Braun didn't want to inadvertently inform the remaining jurors who hadn't read the article what it was about, but she cautioned them again that the deliberations and conclusions they would eventually reach in this case must be based only on statements given under oath in the courtroom and evidence submitted to the court.

They must disregard anything they heard on the news or read in the newspaper before, and must not read or listen to anything new. And to that end, she would be allowing neither television access nor newspaper delivery to the jurors for the duration.

And this really nearly sparked a mutiny among the panel. Several days without a television! What would they do? How could they live? One panel member, DeWayne Podesta, even asked for and received permission to speak to the court as a representative of the whole jury, and he argued that the jurors were good citizens doing their civic duty, and didn't the Constitution forbid cruel and unusual punishment? And if so-Podesta really thought it did-certainly deprivation of television qualified.

Eventually, Braun restored order to the courtroom. But the machinations, cautions, pronouncements and simple business consumed the whole wretched morning. When they resumed in the afternoon, Braun announced, they would begin with Hardy's cross-examination of Sergeant Cuneo.

Until then-she slammed her gavel-court was adjourned.

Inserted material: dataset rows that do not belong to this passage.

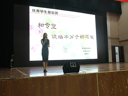 宣讲会在学生工作助理中心激昂的宣传视频中拉开序幕。宣讲会上,瑞思卡品牌CEO、2015届旅游学院毕业生校友韦福瑞以其风趣幽默的语言风格勉励大家要永不停歇追逐自己的梦想,相信目光有多远,人生就能走多远。第十届中国青年志愿者优秀个人奖获得者欧雷则为大家分享做公益的故事,其温暖情怀让大家感受到做公益的无限乐趣和深远意义。地球科学学院宝石12级陈明月以“与专业谈一场不分手的恋爱”为题,通过分享其独特的学霸成长历程,指引新生要不断挑战自我,提高自我,活出精彩自我。最后,2014年度中国大学生自强之星标兵、2015届旅游学院毕业生校友甘书杰以慷慨激昂的演讲将整场宣讲会带入高潮,其充满感动和正能量的事迹给人以激励和信念。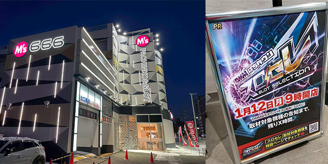 1月12日(月)M’s666菊水店にて、DMMぱちタウンの新感覚取材「スロセレ」を実施。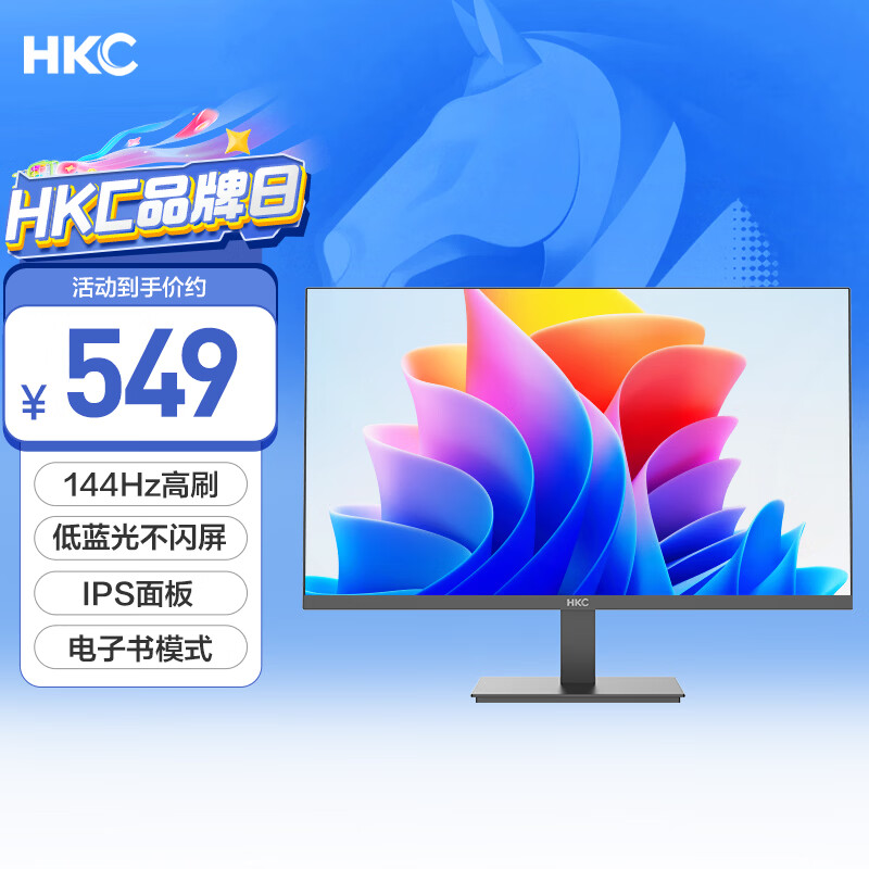 HKC 27英寸144Hz高刷IPS面板1080P低蓝光不闪屏99%sRGB广色域电子书电脑外接电竞游戏办公显示器V2719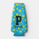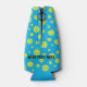 Pickleball pattern bottle cooler with custom text. Personalised beverage holders for Birthday, home, BBQ, club house, tournament etc. Custom blue background colour with polka dot balls. Make your own for pickleball lover, fan, player, dad, mum, son, daughter, sister, brother, father, mother, aunt, uncle, team, friends, teammates, grandpa, grandma, trainer etc.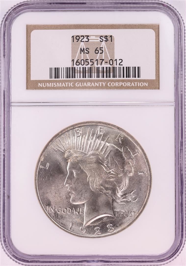 One 1923 $1 Peace Silver Dollar Coin NGC MS65. NGC Certified.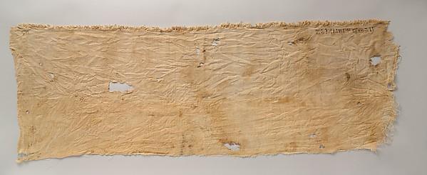 This piece of linen cloth is inscribed in two places. In the upper right corner, the inscription reads: The Good God, Lord of the Two Lands, Nebkheperure, Beloved of Min, linen of year 6. The second inscription, at the center bottom of the sheet, is two lines of hieratic (a cursive form of Egyptian writing) and has, thus far, proven illegible. |

Glitsky and Treya were having opposite reactions to the boulder that had settled on each of their respective hearts with the concern over their baby's life. In Treya's case, it might have had something to do with the physical exertions of the birth itself. She had been sleeping nearly around the clock since they'd brought Zachary home, only waking up to feed him and for a couple of hours last night when the Hardys and Nat had been by. Glitsky, on the other hand, hadn't slept for more than a few hours.

Now it was nearly ten o'clock on a Wednesday morning, and he'd been awake since first light, finally having dozed off sometime a little after two twenty, or at least that was the last time he remembered looking at the bedroom clock. Rita, their nanny/house-sitter, God bless her, had made herself available and was back with Rachel now, and the two of them were watching the television down the kids' hallway, the sound a barely audible drone. Their cardiology appointment with Zachary was in three hours, and sitting at the kitchen table, a cold mug of tea untouched in front of him, Glitsky stared at the clock and wondered how long he should let his wife sleep. If she needed another hour, maybe more, he was inclined to let her take it.

In the four or so hours since he'd gotten out of bed, Glitsky had of course read the morning paper and made calls to Jeff Elliot at the Chronicle, to the mayor, to Hardy at his office and to his own office. The first three had not yet called him back at his private home number. His voice mail at work was clogged with reporters and even a few colleagues-including, he was happy to see, Chief of Police Frank Batiste offering his encouragement and support. But for the most part, nothing that happened outside the walls of his home was having much of an impact on him. Nothing was as important, even remotely as important, as the immediate health of his son.